# Information provided
▽
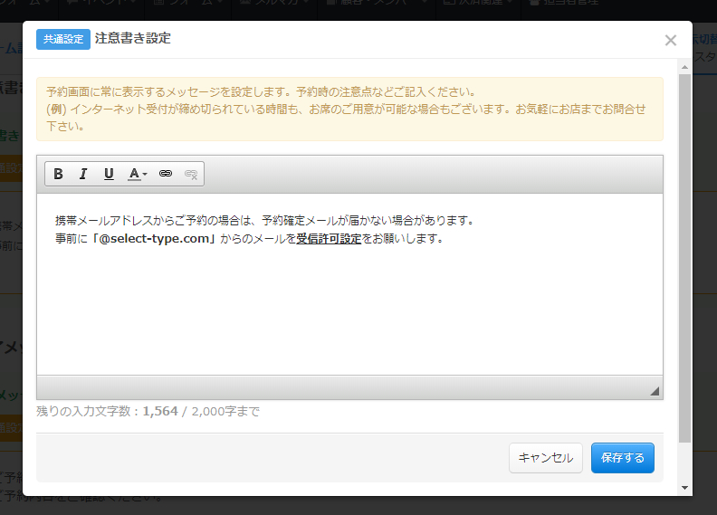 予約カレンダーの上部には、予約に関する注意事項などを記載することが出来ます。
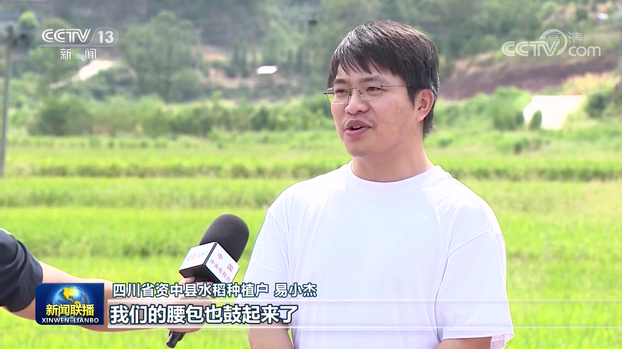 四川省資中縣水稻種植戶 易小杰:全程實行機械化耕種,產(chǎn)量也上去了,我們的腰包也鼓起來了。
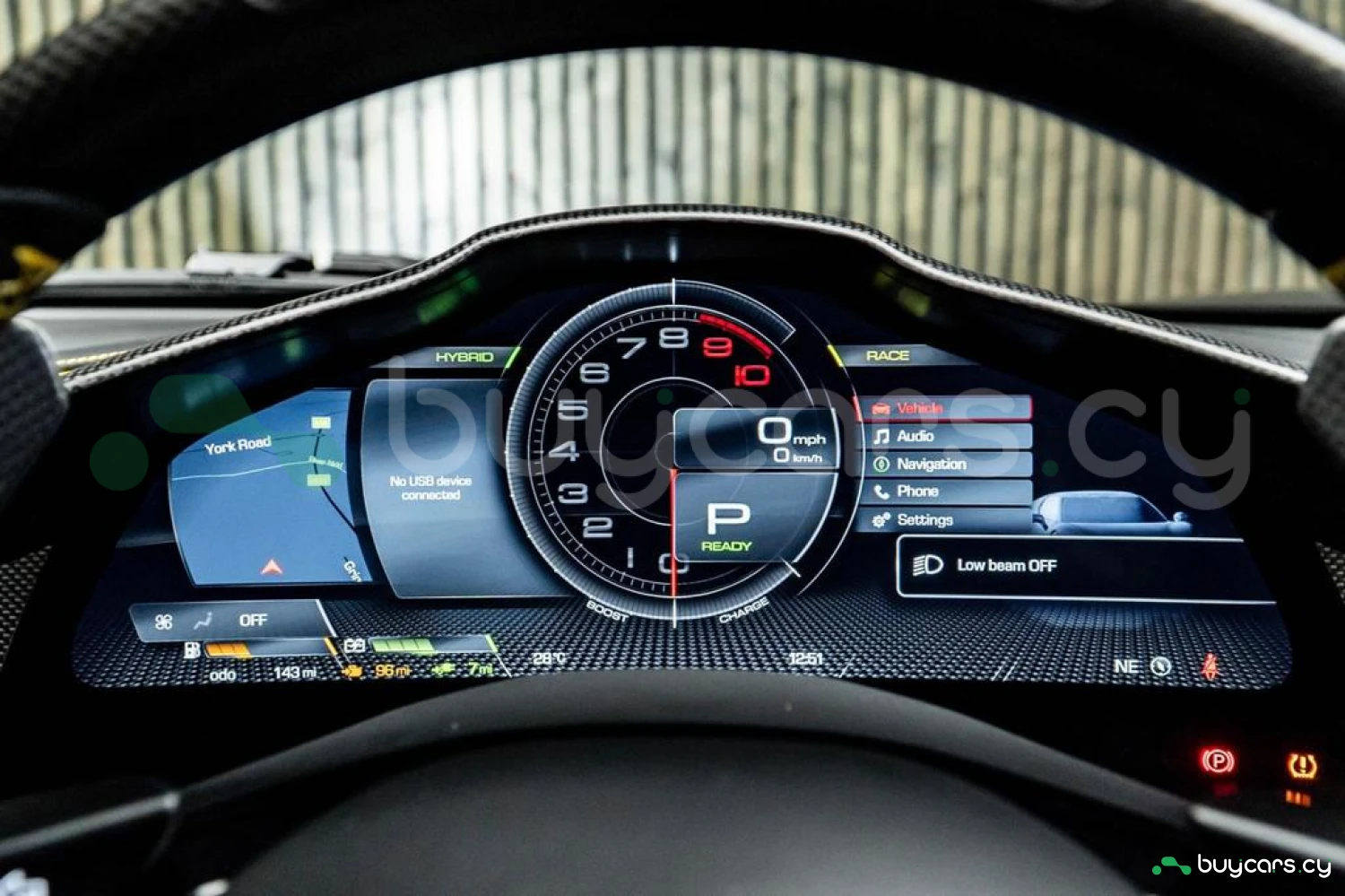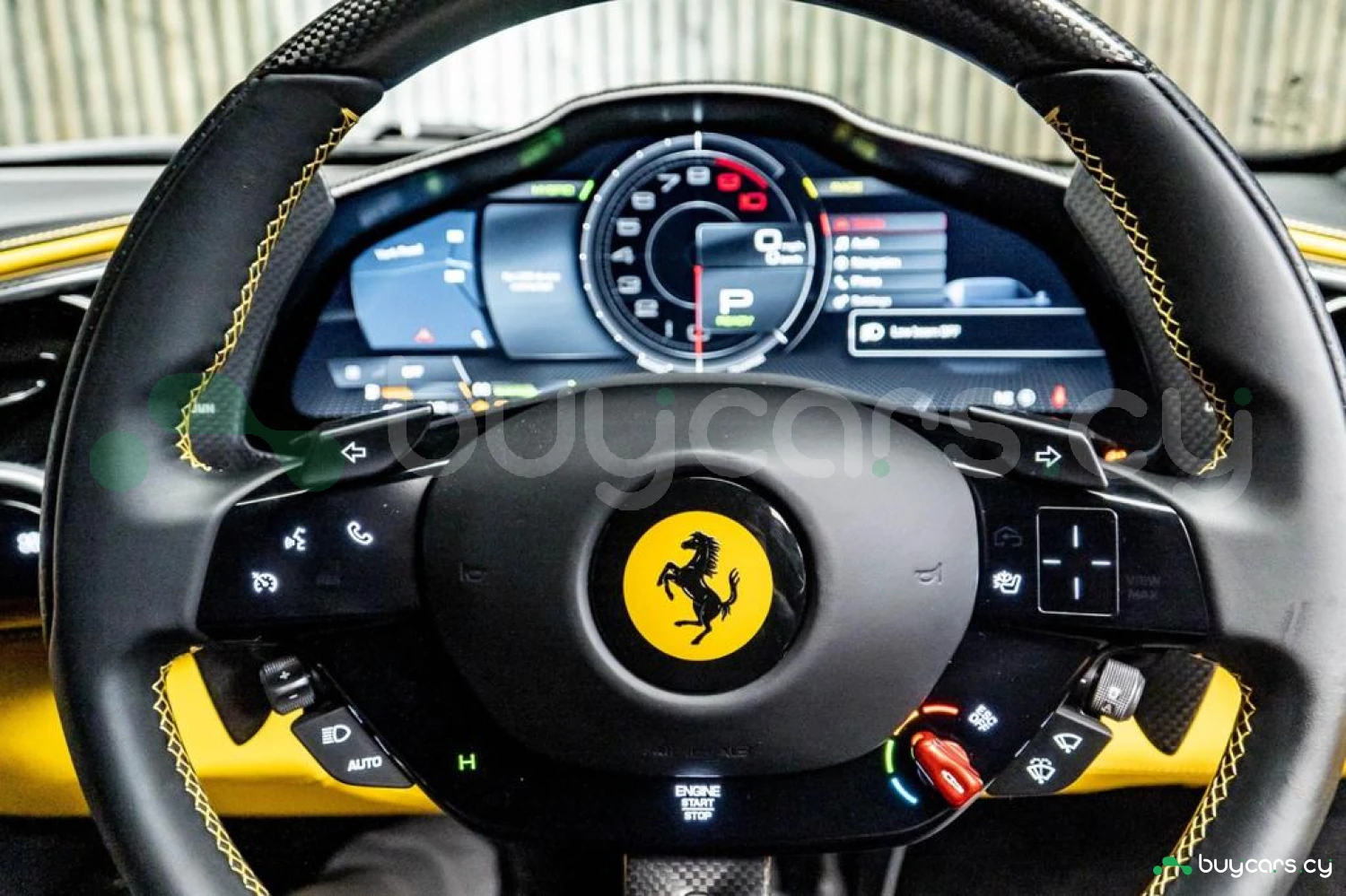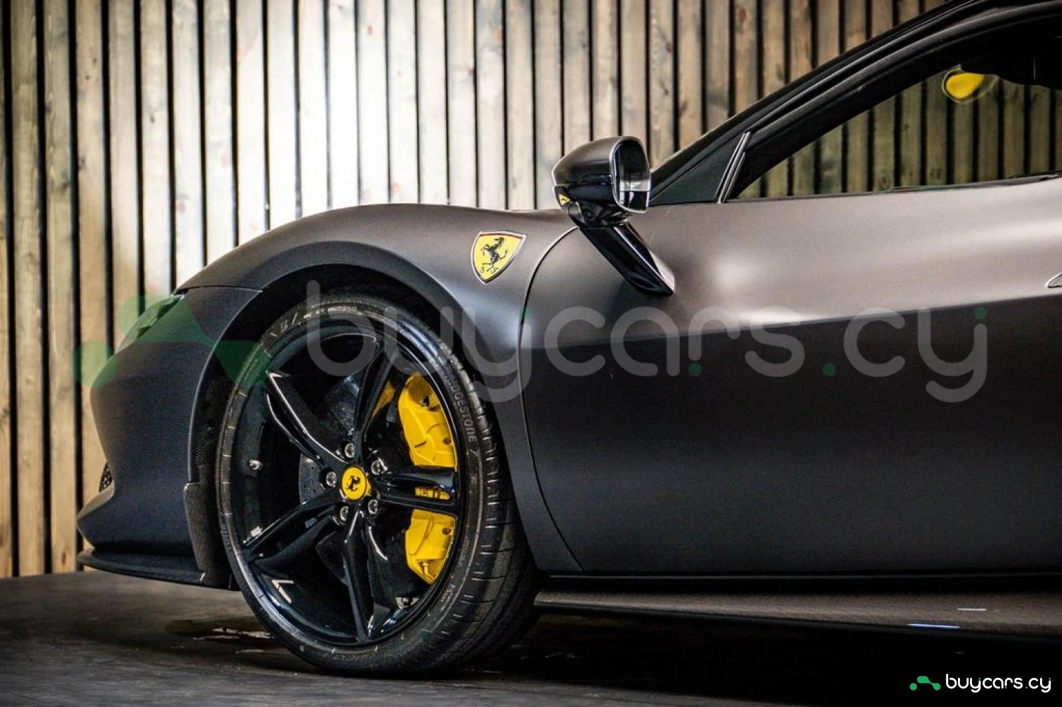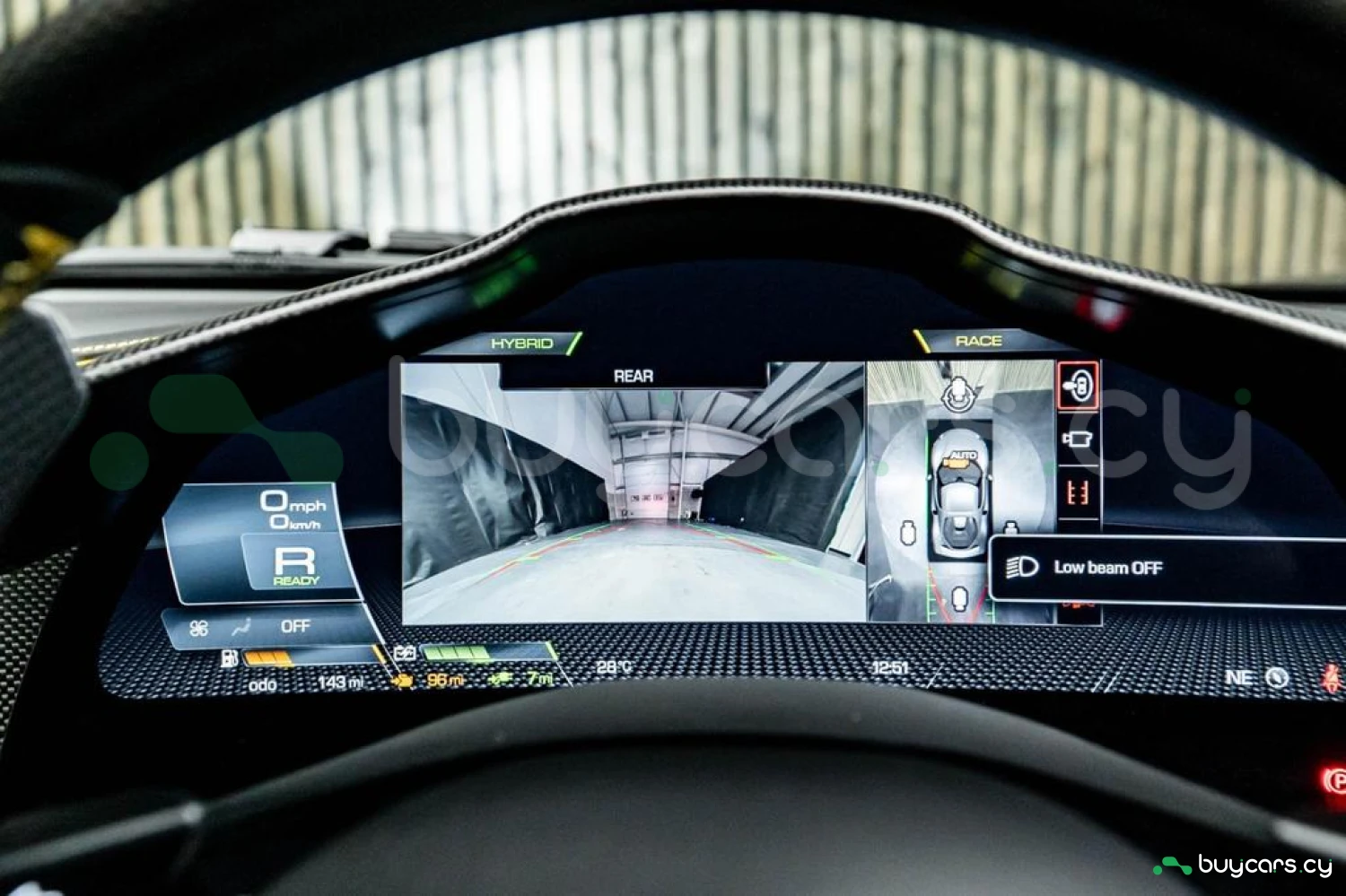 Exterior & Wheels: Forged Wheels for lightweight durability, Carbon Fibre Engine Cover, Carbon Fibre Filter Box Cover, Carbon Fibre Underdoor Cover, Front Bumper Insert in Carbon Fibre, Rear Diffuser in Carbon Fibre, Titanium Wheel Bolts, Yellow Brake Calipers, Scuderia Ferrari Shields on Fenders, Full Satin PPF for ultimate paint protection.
△
▽
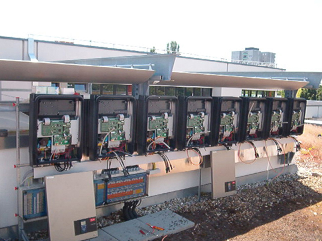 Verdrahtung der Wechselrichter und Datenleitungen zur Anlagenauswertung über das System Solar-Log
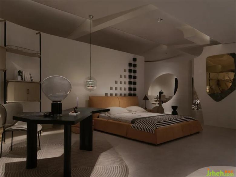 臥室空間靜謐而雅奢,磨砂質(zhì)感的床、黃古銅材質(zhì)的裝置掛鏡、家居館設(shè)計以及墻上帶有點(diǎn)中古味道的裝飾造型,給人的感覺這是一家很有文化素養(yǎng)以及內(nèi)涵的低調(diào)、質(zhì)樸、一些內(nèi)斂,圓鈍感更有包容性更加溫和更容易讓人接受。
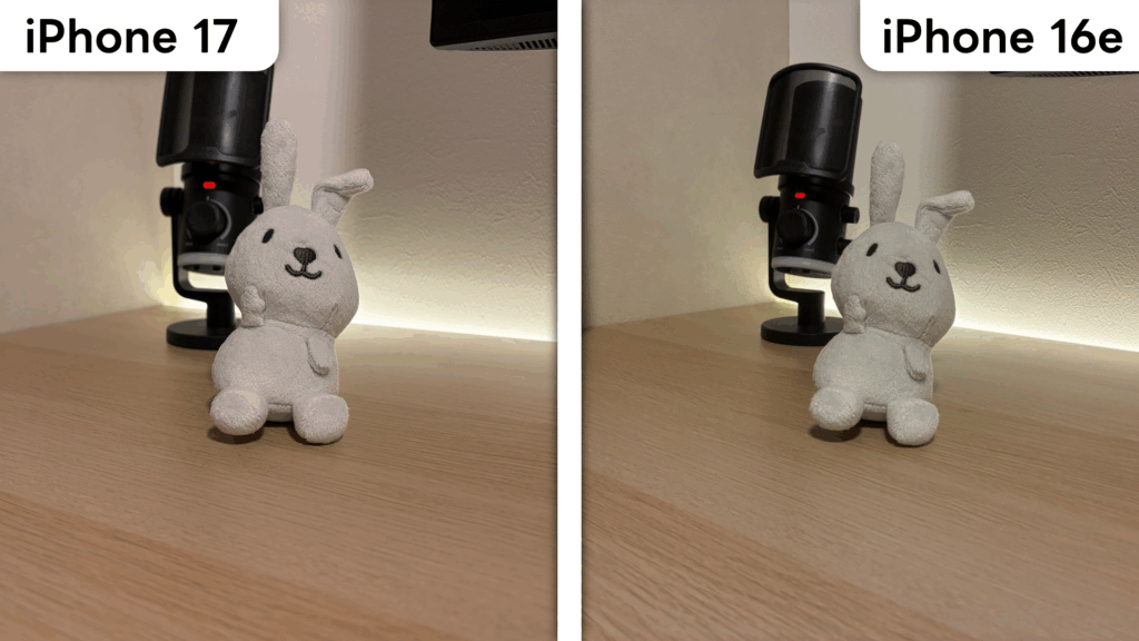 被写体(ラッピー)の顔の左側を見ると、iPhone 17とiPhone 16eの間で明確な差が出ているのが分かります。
△
▽
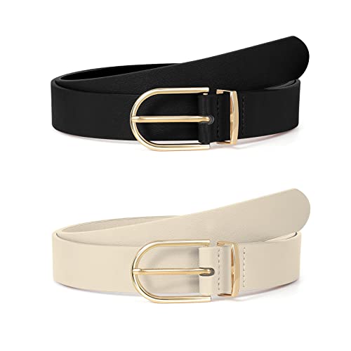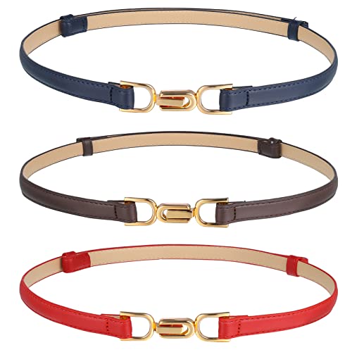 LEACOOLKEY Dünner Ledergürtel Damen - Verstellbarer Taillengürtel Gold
△
# Task details
Give again the stretch of the entries above that begins at the line with "予約カレンダーの上部には、予約に関する注意事項などを記載することが出来ます。" and ends at the line with "Exterior & Wheels: Forged", word for word, with no pictures.

# Result of this exercise
 予約カレンダーの上部には、予約に関する注意事項などを記載することが出来ます。
 四川省資中縣水稻種植戶 易小杰:全程實行機械化耕種,產(chǎn)量也上去了,我們的腰包也鼓起來了。
 Exterior & Wheels: Forged Wheels for lightweight durability, Carbon Fibre Engine Cover, Carbon Fibre Filter Box Cover, Carbon Fibre Underdoor Cover, Front Bumper Insert in Carbon Fibre, Rear Diffuser in Carbon Fibre, Titanium Wheel Bolts, Yellow Brake Calipers, Scuderia Ferrari Shields on Fenders, Full Satin PPF for ultimate paint protection.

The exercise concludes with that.